O Padre mais que depressa tira a chave do bolso e abre a porta da cela. Porém o demônio volta para a sua posição no meio da cela e se acocora.

- Acha que vai ser assim? Vou levantar-me e consertar a sua cagada? Acha que o seu arrependimento pode salvar-te? Na verdade, pode sim. Porém, vamos firmar um pacto.

O padre sabia que não tinha alternativa e em prantos perguntou:

- O que você quer?

- Sua alma... O de sempre. Eu sou um estuprador de almas!

E gargalhou.

Com esse pacto, o seu arrependimento não te salvará, mas o equilíbrio voltará. Traga papel virgem, uma pena virgem e um pires lavado com a tua urina. Pode deixar a cela aberta. Vai ver que continuarei aqui.

E o padre foi providenciar o que o Diabo pediu.

Ao voltar viu que ele continuava na mesma posição e a cela escancarada.

- Sente aqui do meu lado padre. Eu não mordo! Trouxe tudo e fez o que mandei?

- Sim...

Lúcifer colocou a folha de papel em frente ao padre. O pires em frente a folha e a pena ao lado do pires.

Com a mão esquerda, começou a esfregar a ponta dos três dedos, que na mão direita, significam a santa Trindade. Um ato de heresia. Nisso começou a pingar sangue dos dedos. Um sangue vermelho bem escuro, quase coagulado e com um cheiro horrível. Deixou pingar dentro do pires, até a metade.

- Dê-me a sua mão direita, Padre.

Segurou a mão do padre e com a unha do seu dedo mínimo fez um corte no seu pulso.

O sangue que caiu se misturou no pires com o sangue do Diabo.

- Pegue a pena, molhe no sangue e escreva o que vou lhe dizer. Ao final, molhe a palma da sua mão no sangue e ponha em cima do papel. Essa será a sua assinatura!

Não foi muito o que o Diabo mandou ele escrever. Basicamente que ele abriria mão do arrependimento dos seus atos cometidos e dava a sua alma ao diabo de livre e espontânea vontade.

No final ele hesitou em marcar o papel com a sua mão. Lúcifer simplesmente olhou de lado e começou a assobiar um hino sacro. Vendo que teria de fazer, carimbou a folha de papel com a sua mão direita.

O demônio pegou a folha de papel a dobrou, levantou-se e saiu andado da cela. Ao sair ainda exclamou:

- Vamos consertar as cagadas desse filho de Deus! Te espero na minha humilde residência! Não demore!

Nisso, dois cães aparecem para escoltá-lo.
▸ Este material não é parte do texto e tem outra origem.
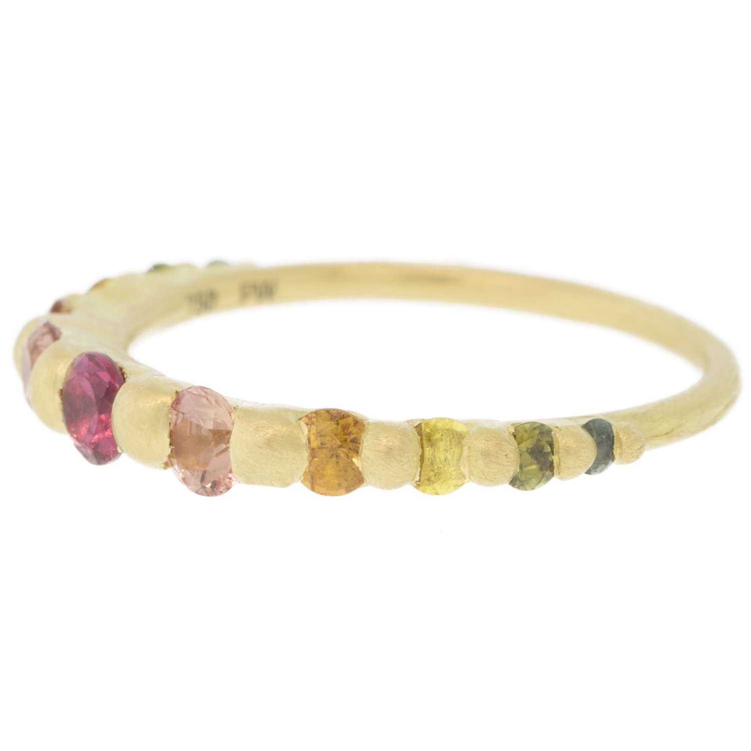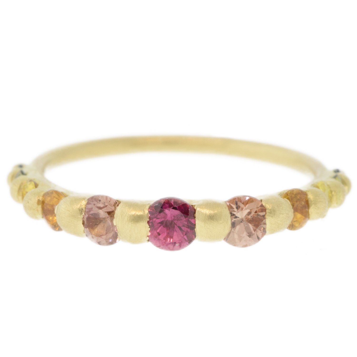 A demi-halo of vibrant sapphires in rainbow and blush-colored hues encircles this enchanting granule-dotted band. Twinkling with light and color, this ring is sure to steal the spotlight.

Dois cães de olhos vermelhos que surgiram do nada e do nada todos eles também sumiram.

O padre ainda ficou alguns minutos, ali, perplexo.

O tempo foi passando e como o Diabo prometera, as coisas estavam voltando ao normal.
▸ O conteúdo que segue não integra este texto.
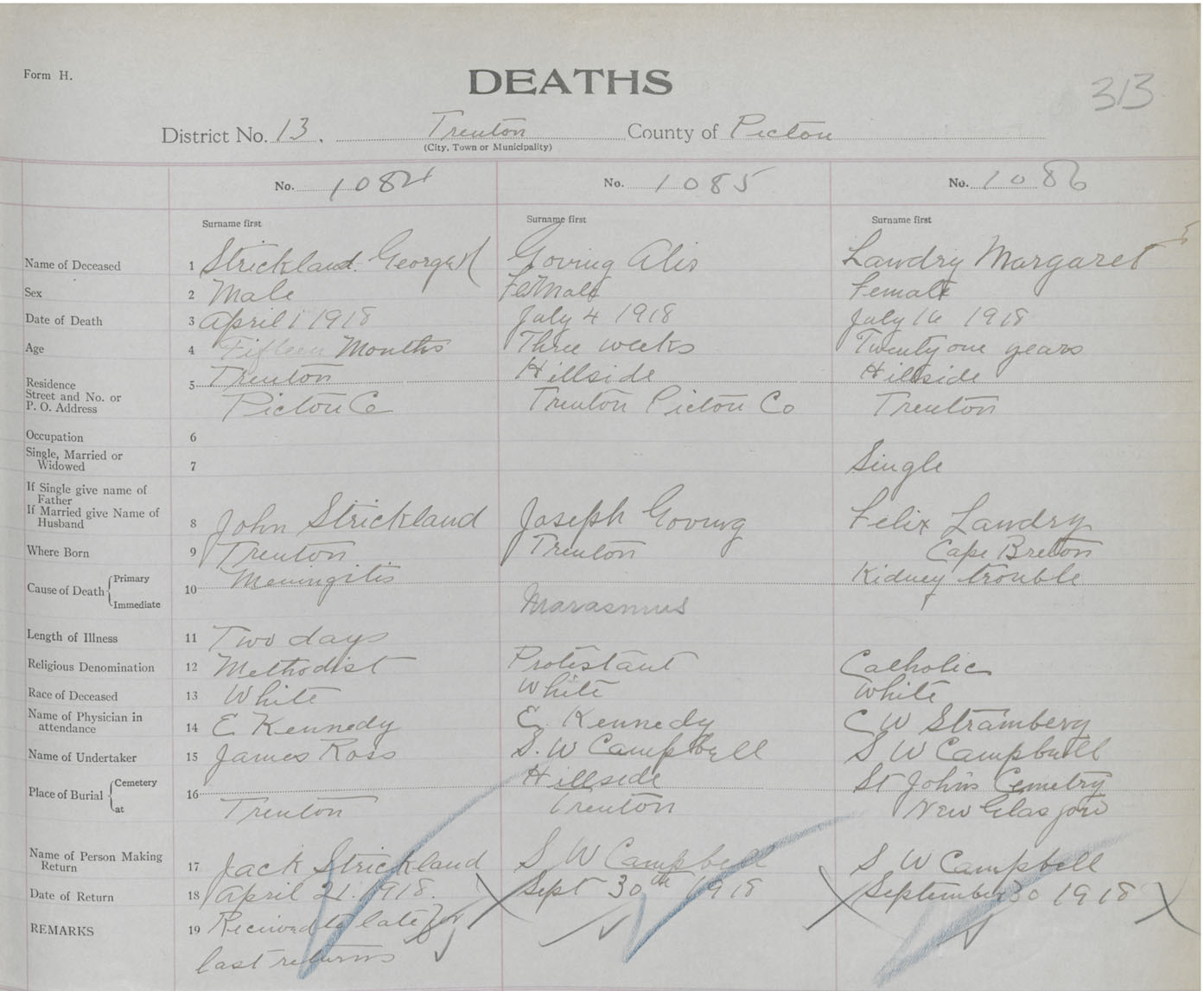 Death Registration: Year: 1918 book: 45 page: 313 number: 1084

E não saia da cabeça do padre o que o diabo disse: “Os homens já nascem com tudo isso dentro deles. Eu sou apenas o regulador”.
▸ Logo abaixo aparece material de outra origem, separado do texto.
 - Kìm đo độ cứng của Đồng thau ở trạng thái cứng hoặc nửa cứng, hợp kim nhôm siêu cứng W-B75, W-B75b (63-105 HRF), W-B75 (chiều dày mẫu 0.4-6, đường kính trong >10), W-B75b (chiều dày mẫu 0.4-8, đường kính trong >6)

Vendo que Lúcifer havia cumprido a sua promessa, o padre, que passou todo esse tempo em depressão, se matou pulando do alto da torre da igreja.

Ao chegar ao inferno, foi recebido pelos cães que haviam ido buscar o Diabo na terra. O acompanharam até a presença de Lúcifer que estava em cima de uma montanha e observava o fogo queimar os milhares de almas agonizantes que ali chegaram e clamavam por piedade.

- Veja! -Disse Lúcifer.

- Contemple o fruto do seu trabalho! Venha comigo. Tenho uma surpresa para você.

Levou o padre até o topo da montanha e lá, havia uma cela de fogo.

O padre em silêncio entrou.

- Ajoelhe-se perante mim e estique as suas mãos que me aprisionaram!

O demônio puxou da terra ensanguentada uma espada e num só golpe decepou as duas mãos do padre.

- Alma também sangra, padre! E você vai sangrar para mim, por toda a eternidade! Sangre, filho de Deus! Sangre!

A cela foi trancada e Lúcifer levantou voo, onde, do alto, apreciava o seu reino de fogo e dor.

O equilíbrio estava instituído novamente.